= Recorded information =

:::

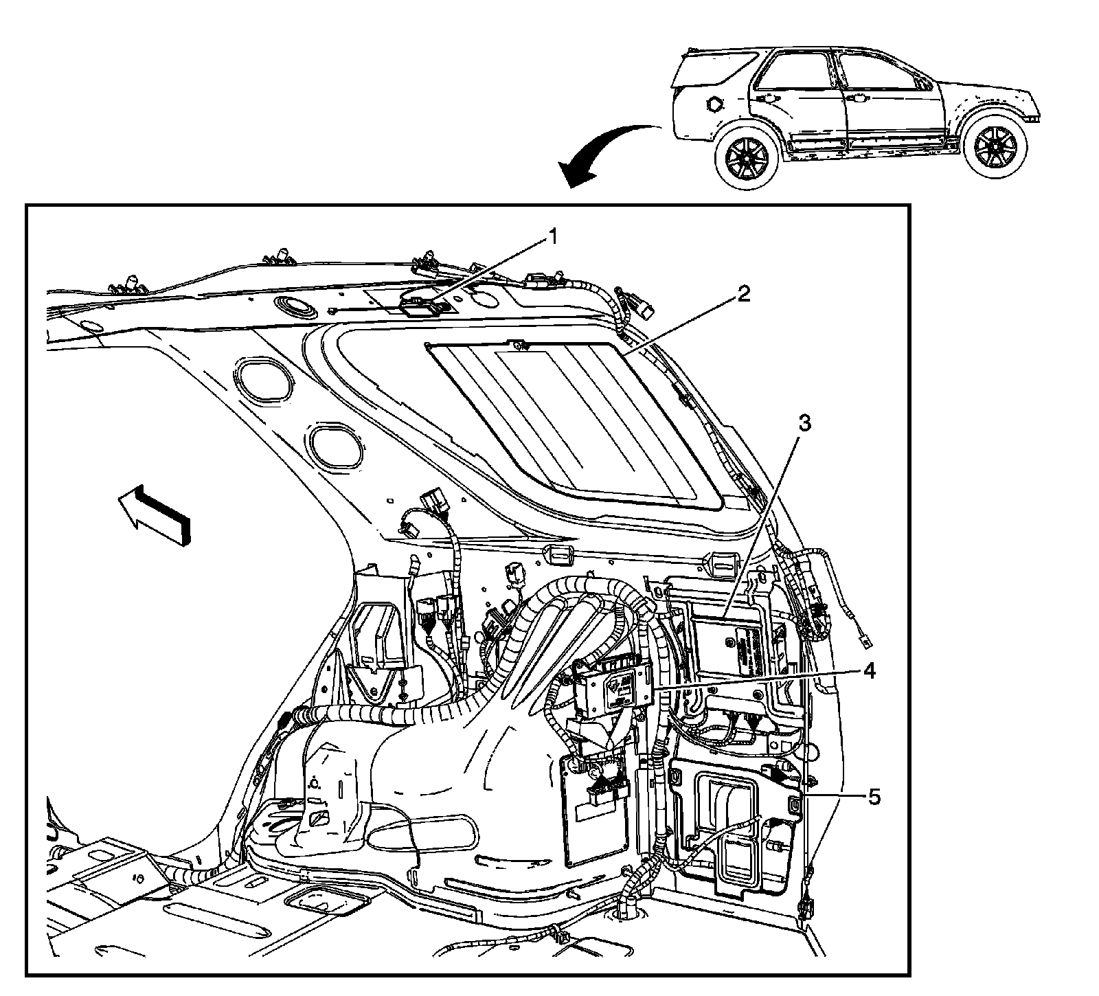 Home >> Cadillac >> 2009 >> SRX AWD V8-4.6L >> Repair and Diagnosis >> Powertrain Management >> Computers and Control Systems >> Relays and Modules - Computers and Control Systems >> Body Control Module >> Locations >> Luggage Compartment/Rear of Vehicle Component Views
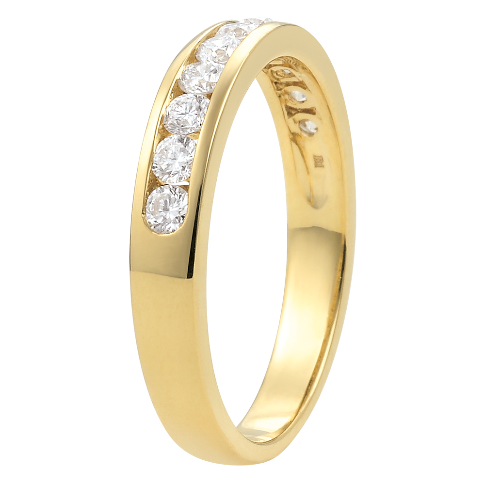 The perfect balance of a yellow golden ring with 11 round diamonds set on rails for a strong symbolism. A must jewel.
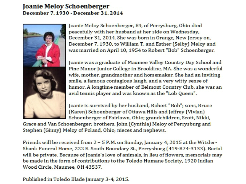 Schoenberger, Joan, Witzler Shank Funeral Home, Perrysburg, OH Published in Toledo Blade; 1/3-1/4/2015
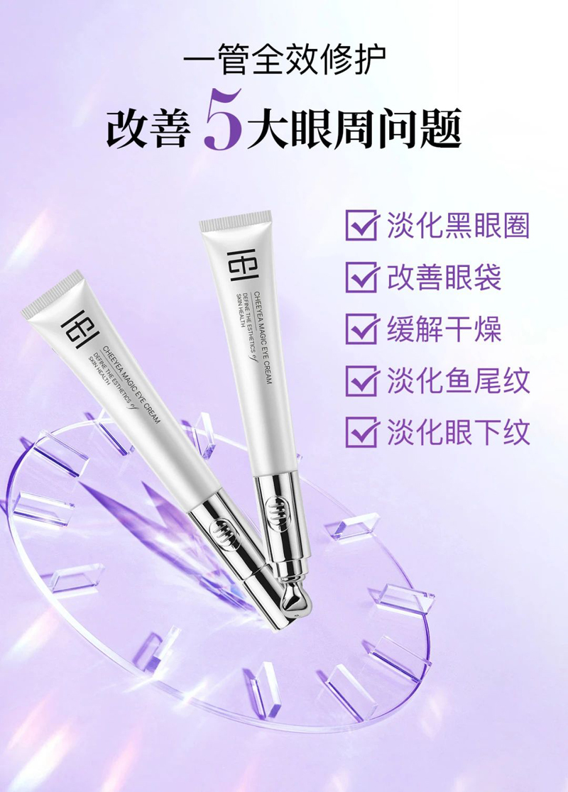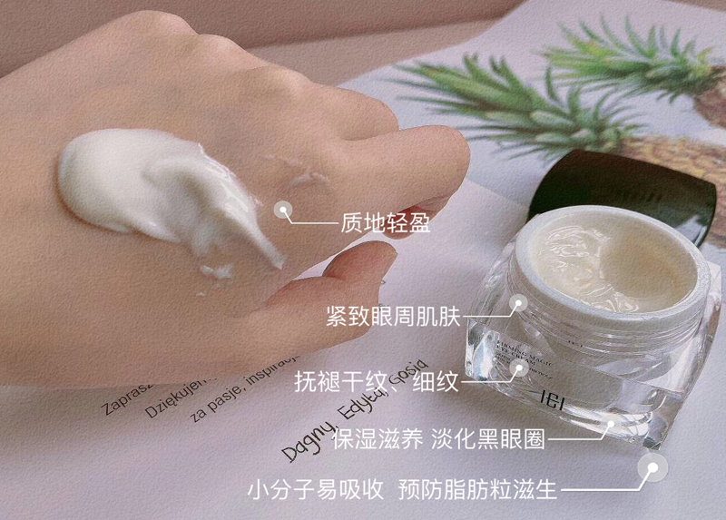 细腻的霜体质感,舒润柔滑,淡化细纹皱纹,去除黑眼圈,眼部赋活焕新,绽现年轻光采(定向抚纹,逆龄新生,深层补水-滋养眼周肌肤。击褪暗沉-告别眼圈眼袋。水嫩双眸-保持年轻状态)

:::

Each line from the one that contains "The perfect balance" to the end of the listing must be quoted exactly; no other line and no picture belongs in the copy.

 The perfect balance of a yellow golden ring with 11 round diamonds set on rails for a strong symbolism. A must jewel.
 Schoenberger, Joan, Witzler Shank Funeral Home, Perrysburg, OH Published in Toledo Blade; 1/3-1/4/2015
 细腻的霜体质感,舒润柔滑,淡化细纹皱纹,去除黑眼圈,眼部赋活焕新,绽现年轻光采(定向抚纹,逆龄新生,深层补水-滋养眼周肌肤。击褪暗沉-告别眼圈眼袋。水嫩双眸-保持年轻状态)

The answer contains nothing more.